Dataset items
- - - -
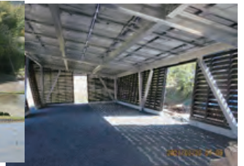
ア.ウン.パヴィリオン(内部)
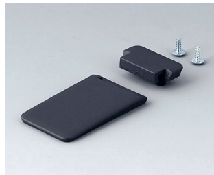
A9152058 Tilt foot bar ABS (UL 94 HB) lava
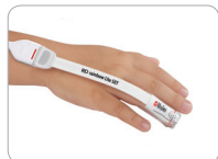
Pdt applicazione su dito
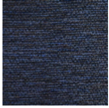
0750-01 COCOA MI - NUIT
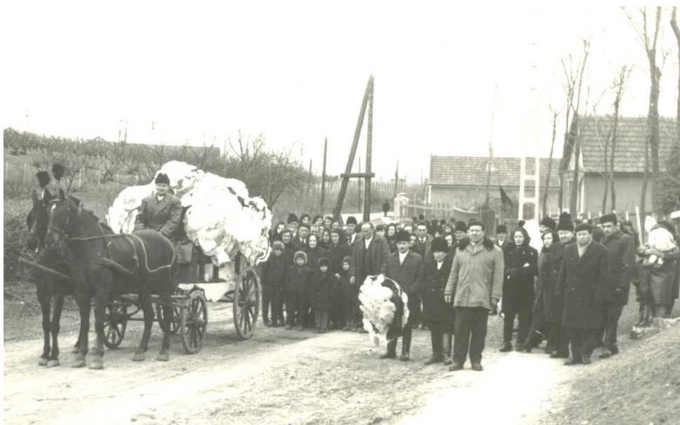
18. kép: Temetési menet 1945-ben

kaput becsukták. Egy esetre emlékeztek, amikor a halottat, (aki egy huszonéves legény volt, aki öngyilkos lett), a háztól a temetőig a barátai kézben vitték a koporsót.
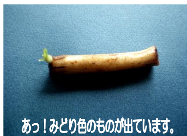
あっ！みどり色のものが出ています。
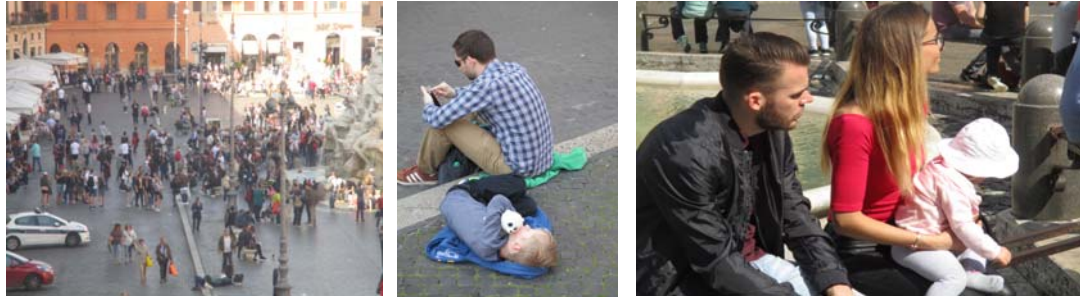
Fig. 3. Rome Piazza Navona, Even children are sometimes victims of mass tourism, april 2017. Ryc. 3. Nawet dzieci są niekiedy ofiarą turystyki masowej, Rzym, Piazza Navona, kwiecień 2017.

"Free time" is a period often intended in European countries for a one-week trip, sometimes a few days longer. With the current trend to divide holidays into short periods, but frequent during the year, often great historic cities are the destination of the trip. This, of course, favours the development of mass urban tourism in Europe. Modern and rich cities on other continents also win on facilitating accessibility.
- - - -
Work required => What lines above run from the one with "A9152058 Tilt foot bar ABS (UL 94 HB) lava" to the one with "Fig. 3. Rome"? Give them again exactly, ends included, and leave the pictures out.

Expected answer =>
A9152058 Tilt foot bar ABS (UL 94 HB) lava
Pdt applicazione su dito
0750-01 COCOA MI - NUIT
18. kép: Temetési menet 1945-ben

kaput becsukták. Egy esetre emlékeztek, amikor a halottat, (aki egy huszonéves legény volt, aki öngyilkos lett), a háztól a temetőig a barátai kézben vitték a koporsót.
あっ！みどり色のものが出ています。
Fig. 3. Rome Piazza Navona, Even children are sometimes victims of mass tourism, april 2017. Ryc. 3. Nawet dzieci są niekiedy ofiarą turystyki masowej, Rzym, Piazza Navona, kwiecień 2017.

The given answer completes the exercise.